Increasing Collaborations in Protogenomics Applications of Genetic Variations (Planning Grant)


Many well-known diseases can be caused by genetic variants that affect important protein features such as enzyme active sites. The scientific community has catalogued millions of genetic variants and thousands of protein structures. However, these two types of information are not currently linked, or easily linkable, in a manner that makes it easy to explore the relationships between variants and their structural locations. This NSF-funded Spoke Project Planning Grant will promote and facilitate interactions between experts from the genomic variant and protein structure communities, with the shared goal of developing methods for integrating these data comprehensively.
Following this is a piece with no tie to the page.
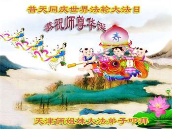 天津市大法弟子恭祝师父生日快乐!普天同庆同贺世界法轮大法日!弟子感恩师父!

  • Eric Deutsch, Institute for Systems Biology
  • Andreas Prlic, Research Collaboratory for Structural Bioinformatics (RCSB) Protein Data Bank (PDB)

Get Involved:

  • Learn more on the project website
  • Save the Date for January 2017 in Seattle, WA: Join a workshop to discuss and plan the integration of genetic variants and protein structures. If you are interested in participating in this workshop, please contact Jennifer Dougherty for further information
  • Chat with PI Eric Deutsch during the NSF Twitter Chat Tues October 18th, 9am PT. Follow @westbigdatahub and #BDHubs to participate

Big Data & Criminal Justice in the Western United States (Planning Grant)


Big data, when well used, can augment the services offered by our criminal justice system, and may lead to heightened levels of efficiency, government transparency, and community trust. Incorporating data-driven techniques can create challenges to our criminal justice system, highlighting unsolved issues with data quality, trustworthiness, and ethical use. In order to address the challenges and opportunities big data techniques hold for the criminal justice system, data scientists, end users, and the communities in which these techniques are implemented must be given opportunities for substantive collaboration. By holding workshops in three locations in the western region of the United States, this project will help create the infrastructure needed to develop, launch, and sustain these collaborative relationships and projects.


Get Involved:

  • More details will be added here soon, including multiple workshops and a 2017 WBDIH Stakeholder Roundtable focused on Public Policy and Big Data in Boise, ID
  • Chat with the team during the NSF Twitter Chat Tues October 18th, 9am PT. Follow @westbigdatahuband #BDHubs to participate
  • Follow the PPRC team on Twitter @pprcboisestate

Accelerating & Catalyzing Reproducibility In Scientific Computation & Data Synthesis (Spoke Grant)


CoMSES Net (Network for Computational Modeling in Social and Ecological Sciences) is dedicated to promoting and enabling open and reproducible scientific computation through cyberinfrastructure and community development. This NSF-funded Spoke Project will update and extend the CoMSES Net Computational Model Library to enhance the user experience and facilitate knowledge discovery of model-based science and model code. To better enable reproducible science, the team plans to build shareable containerized environments for computational models. These environments will archive essential provenance metadata, dependencies, computational pipelines, and analyses used to derive visualizations or statistically-significant findings. The Spoke Project team will work with the WBDIH to convene a regional Working Group for developing community standards and best practices for open model-based science.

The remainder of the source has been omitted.